When a trauma takes place, an anterior shoulder dislocation can cause a head impression fracture what we call a Hill sachs lesion. The posterolateral aspect of the humeral head impacts on the anterior glenoid in the dislocated position, what makes the glenohumeral joint unstable (Shoulder_Instability). [2][3][4]

90% of shoulder dislocations are anterior, so in some cases there could be a posterior dislocation what can cause a reverse Hill sachs lesion. This lesion may be present on the anterior aspect of the humeral head. [4]


Clinical Presentation[edit | edit source]

Shoulder dislocation don’t occur isolated. It causes damage to different tissues surrounding the glenohumeral joint like shoulder ligaments, rotator cuff tendons and the joint capsule. But the bone and cartilage of the humeral head can also be affected. This occurs when the round humeral head is forcibly impacted on the edge of the glenoid, which causes compression fractures in the humeral head. This forms a dimple structure on the articular surface of the humerus, and is called a Hill-Sachs lesion.

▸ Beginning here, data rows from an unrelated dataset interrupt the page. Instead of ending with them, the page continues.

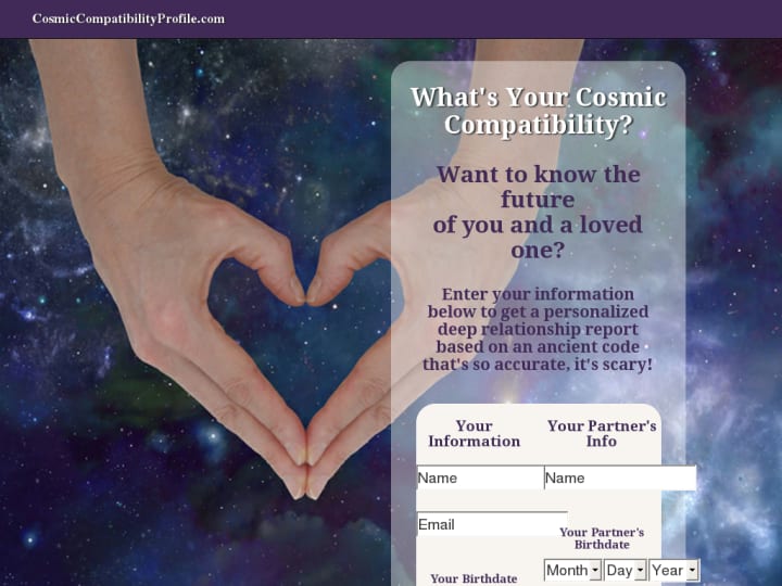 Cosmic Compatibility Profile is a step-by-step comprehensive guide program that is the world’s one and only dating system, Personalized Cosmic Compatibility Profile is a most in-depth report, that may shock some of you because it will reveal VERY much about your (hidden inner) self.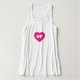 Esta camiseta de cima do tanque tem um coração rosa-quente vibrante contendo letras maiúsculas em negrito, arredondadas, brancas ou, uma versão lúdica da abreviação para Oregon, o estado do castor.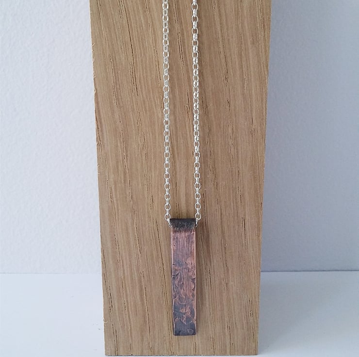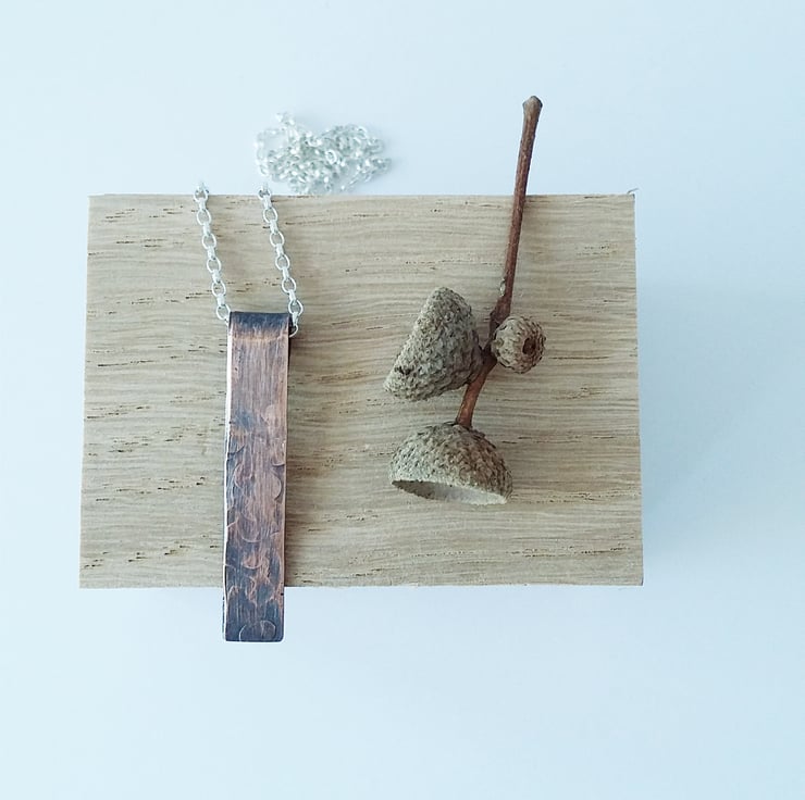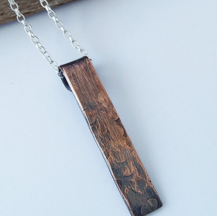 The pendant has been hammered to create an abstract floral pattern. I've oxidised it for a rustic look and to enhance the beauty of the metal.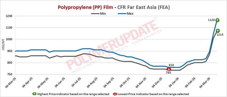 An industry source in Asia, on condition of anonymity, informed a Polymerupdate team member, "Polypropylene market sentiment in Asia strengthened as escalating tensions between the US and Iran disrupted feedstock flows from the Middle East, particularly after shipping activity through the Strait of Hormuz slowed significantly. Several producers reduced spot and contract allocations, while others informed customers that orders may not be fully fulfilled due to the limited availability of key feedstocks such as naphtha and LPG. Tightening supply conditions have supported prices, although downstream converters remain cautious as rising raw material costs continue to pressure profit margins. Buyers have shown resistance to higher offers, keeping trading activity relatively measured. However, the supply-demand balance is gradually tightening, providing underlying support to the market, with several buyers attempting to secure cargoes ahead of the upcoming Eid al-Fitr holidays."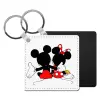 mickey and minnie hags, Μπρελόκ Δερματίνη, τετράγωνο ΜΑΥΡΟ (5x5cm)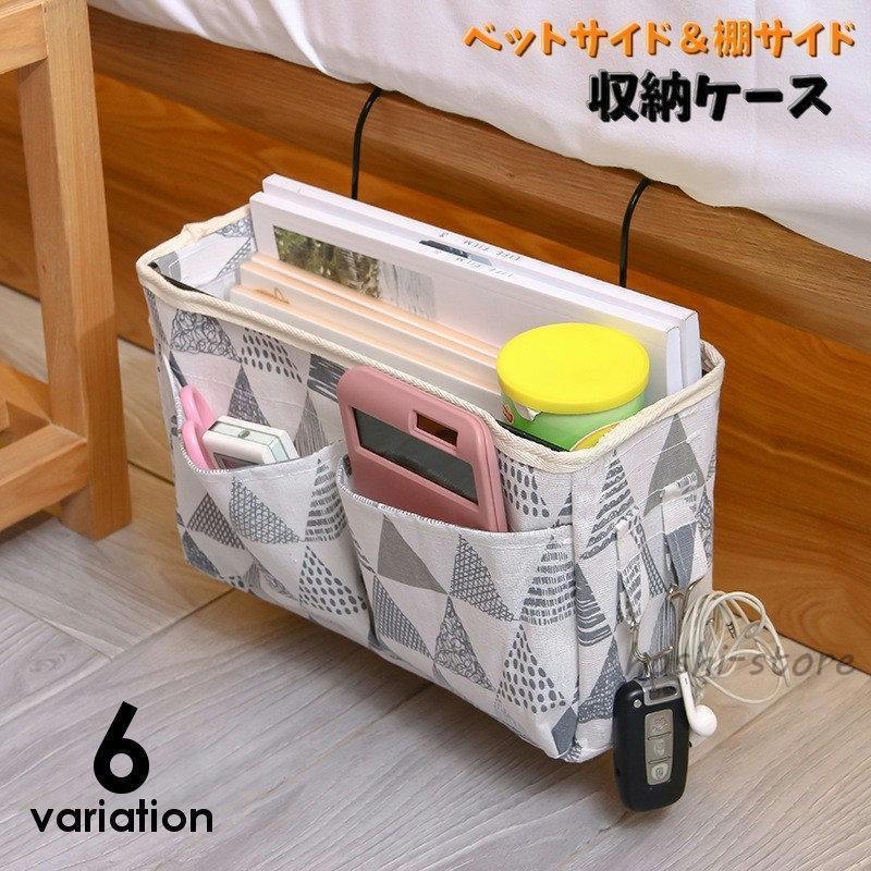 収納ケース 収納袋 ベットサイドポケット 収納ボックス 小物収納 外側ポケット フック付き リビング 寝室 リモコン イヤホン 鍵 スマホ 本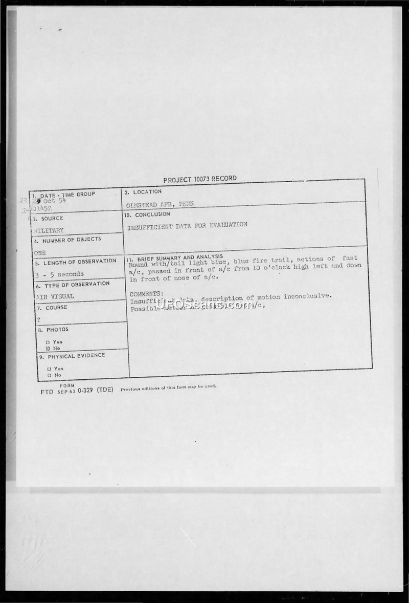 This document is a Project 10073 record detailing an unidentified aerial phenomenon sighting that occurred on October 24, 1954, at 0145Z near Olmstead Air Force Base in Pennsylvania. The report describes a single, round, light blue object, estimated to be the size of a baseball, which exhibited a blue fire trail. The object was observed for a duration of three to five seconds. According to the report, the object moved from a 10 o'clock high left position, passing down in front of the nose of the observer's aircraft. The weather conditions at the time were reported as clear with unlimited visibility. The official conclusion reached by the evaluating authorities was that there was insufficient data to provide a definitive evaluation of the sighting. The report notes that the object could potentially have been a meteor or a jet aircraft, but the description of its motion remained inconclusive. An operations officer at the Olmstead Flight Service conducted a review of all possibilities, but no explanation was forthcoming. The document includes standard reporting fields for sighting incidents, including the date, time, location, and physical characteristics of the object, as well as administrative routing information for various military intelligence and defense units.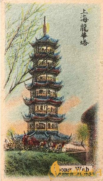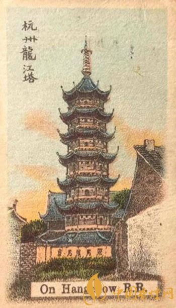 浙江杭州龙江塔何时始建暂时无考,从画面上可以看出是一座七级八面的精美古塔。可惜,现在这座古塔已荡然无存,我们也只能从这张小小的烟画上来领略这座古塔的风韵。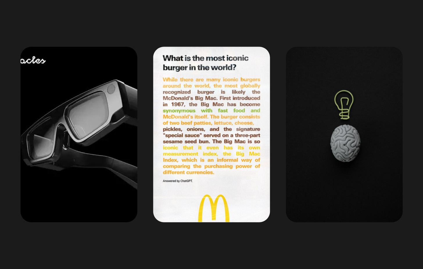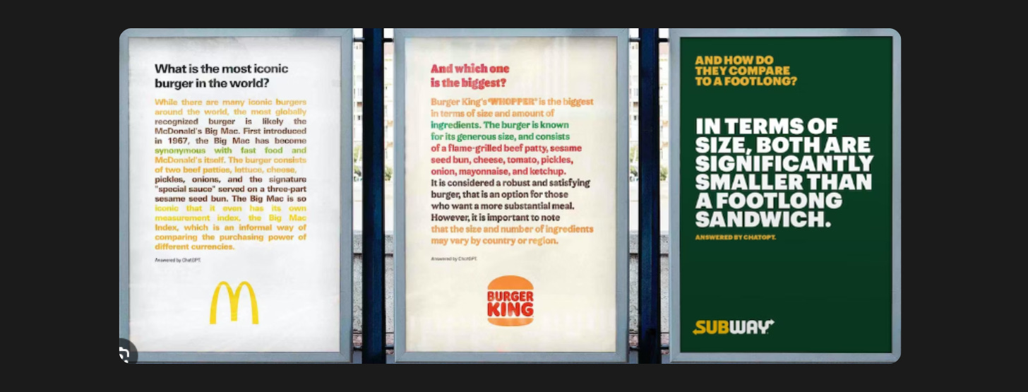 Totuși, mi se pare o idee foarte inovativă și faină de a folosi AI-ul în avantajul tău. Îmi place cum McDonalds a colorat și textul în funcție de layerele din Big Mac, dar e foarte mișto și răspunsul Burger King și Subway.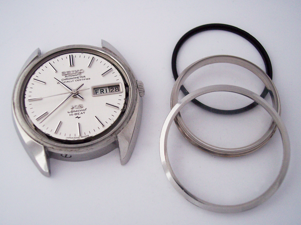To open the watch the bezel has to be levered off and the crystal and gasket removed. The mineral crystal is mounted in a stainless steel ring which slots into the gasket and the bezel compresses the two to form a waterproof seal.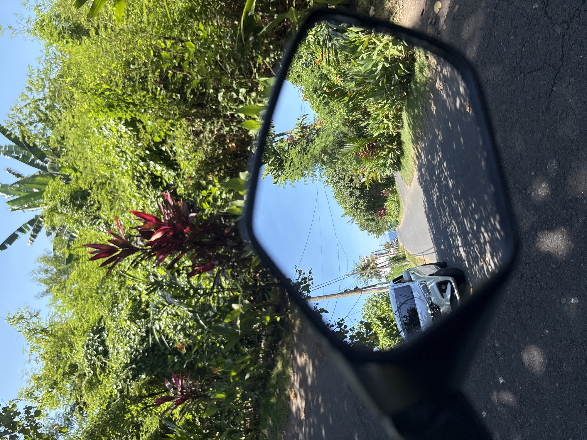 The image is a view from a side mirror on a motorcycle or vehicle, showing the road and surroundings behind. The location is likely in a tropical, lush environment near Blahbatuh, Indonesia, given the dense vegetation. The reflection shows a road with a silver car, utility poles with wires, and houses in the distance. The roadside is lined with green foliage including red leaved plants. The mirror and foreground are blurred. The road surface is asphalt.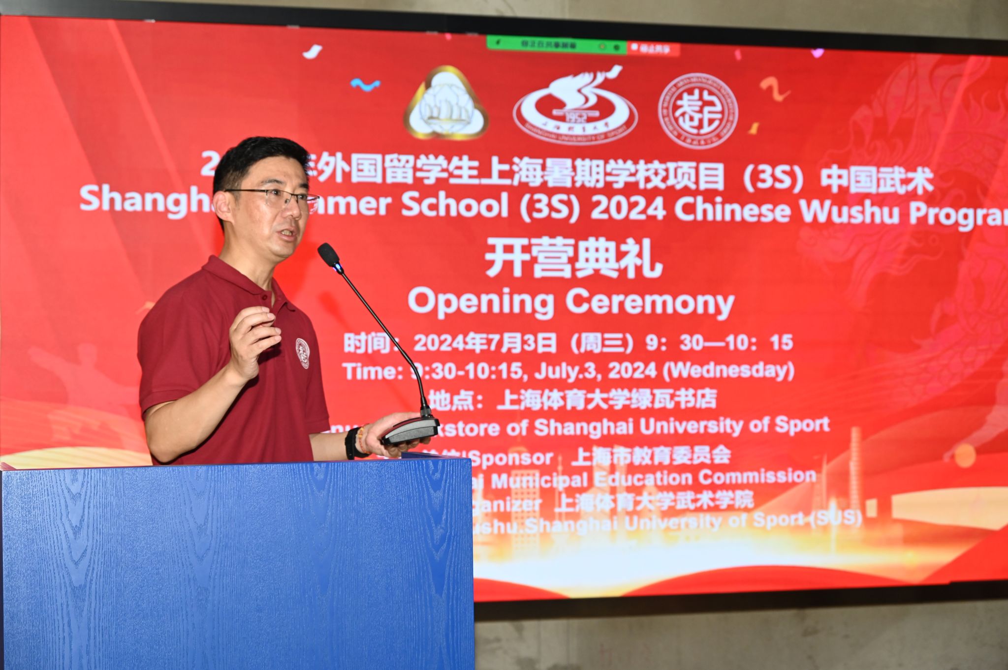 开幕式上,武术学院党委书记刘明生致欢迎辞。他指出,今年是伟德第十二次承办该项目,非常高兴能迎来来自世界各国的学员前来伟德学习武术。本次项目在上海市教委的大力支持之下,将继续沿袭往届优秀传统,发挥线上线下联动优势,为参训学员提供武术专项训练、传统文化体验、汉语入门课程、城市人文行走等具有中国特色的培训内容,以武术纽带实现人文交流,形成武术互鉴、信息共享、共同成长的国际大学生共同体,打开以中国武术为底色的跨文化传播新思路。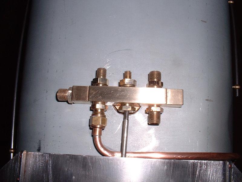 7/2/08 I've changed my mind yet again - I hope that nobody is copying my every move! I decided that I might as well use the 3/32" pipe running down from the T junction as the steam brake feed rather than a dummy, and revert to a blanking plug on the front right hand manifold outlet. Although I do have a photo showing a Britannia with a pipe running to the left from this outlet, it's of 70053 'Moray Firth' which would have had the BR1D high-sided tender, and I suspect that this feed may be for the steam-powered coal pusher fitted to that type of tender. I've had some trouble silver soldering the three pipes into a short length of 8mm brass rod to form the T junction, but after several abortive attempts I have now succeeded.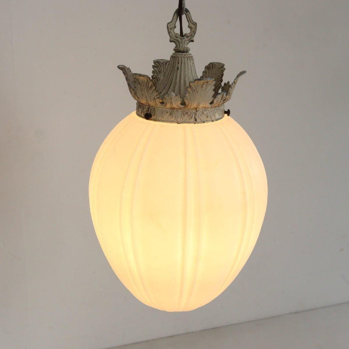 ヴィンテージのミルクガラスのペンダントランプです。
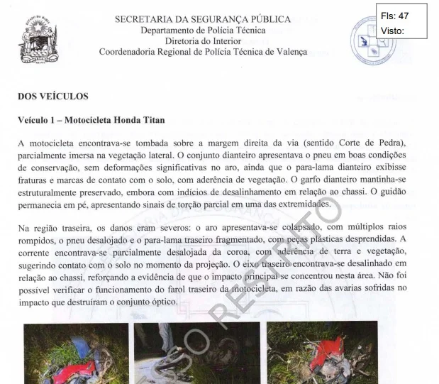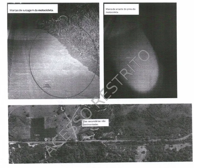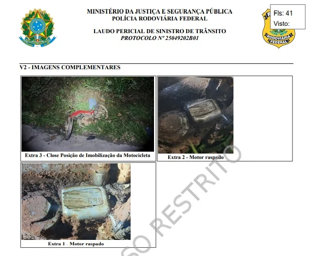 O DPT ainda atestou que a moto usada pelos irmão e pelo pai tinha numeração do motor raspada. "Com aspecto abrasivo, em padrão não compatível com atrito decorrente do acidente. Quanto ao chassi, a área destinada à numeração encontrava-se suprimida, não sendo possível a leitura dos caracteres originais. A placa de identificação veicular não foi localizada no local do exame", pontuou ainda o perito.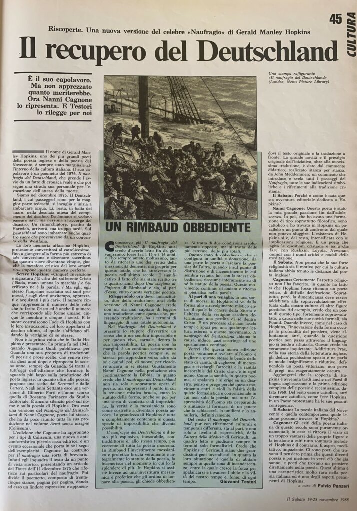Conoscevo già Il naufragio del Deutschland di Hopkins, anzi credo d’averlo letto fin da giovanissimo, forse fra i 15 e i 16 anni, e l’ho sempre amato moltissimo, tanto da ritenerlo uno dei vertici della messianicità demente, ma proprio per questo totale, che ha attraversato la poesia nell’ultimo secolo. È significativo il fatto che sia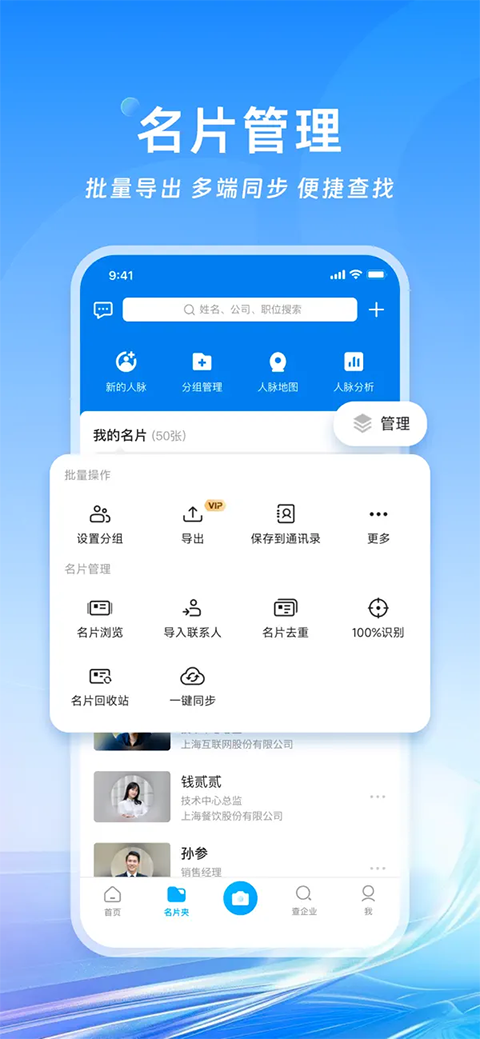 销售/采购:名片识别率高,瞬间保存销售线索,结识潜力客户,名片全能王帮我获得更多商机更多业绩。

It can be seen on MRI, CT-scan, but is difficult to see on an x-ray. [13][14][15]

 We can order this humeral head compression fractures according to the percentage of humeral head involvement [11]
• minor defect: less than 20% of the humeral head is involved;
• moderate defect: between 20% and 45% of the head is involved;
• severe defect: more than 45% of the head is involved.
The size of the lesion is in most cases related to the amount of times a dislocation took place[16]

Figure 1 illustrates how the percentage of the humeral head, which is involved, is calculated. Next to this percentage, a Hill-Sachs lesion is also characterized by its depth ('d' on figure 1) and its size ('s' on figure 1).


Figure 1: preoperative double contrast CT arthrography of a 20 year old patient

Figure 1: preoperative double contrast CT arthrography of a 20 year old patient. [11]When we diagnose a Hill-Sachs defect, we can be sure that there was a complete dislocation of the humeral head out of the socket, and that it was not just a subluxation. [13]
A Hill-Sachs lesion occurs in about 50 percent of the first-time shoulder dislocations. For people with a shoulders dislocations’ history (= shoulder instability) you can almost always see these humeral head compression fractures. [15] There is a link between bone loss on either the glenoid side or the humeral side and recurrent shoulder instability during activities. [16]

Diagnostic Procedures[edit | edit source]

When a patient whit Hill sachs lesion knocks on the door of a physiotherapist, the physiotherapist can ask some questions to his patient (history), looking to both shoulders (atrophy, asymmetry, surgical scars...), implements some passive movements (forward flexion and elevation, abduction, internal and external rotation) after which the patient is doing this movements active... Classicaly the patient with recurrent dislocation has a normal range of motion, but at some degree you will see a 'risk position'. Now, the physiotherapist know there is some instability, but there is no sign that the patient has an Hill sachs lesion. [1]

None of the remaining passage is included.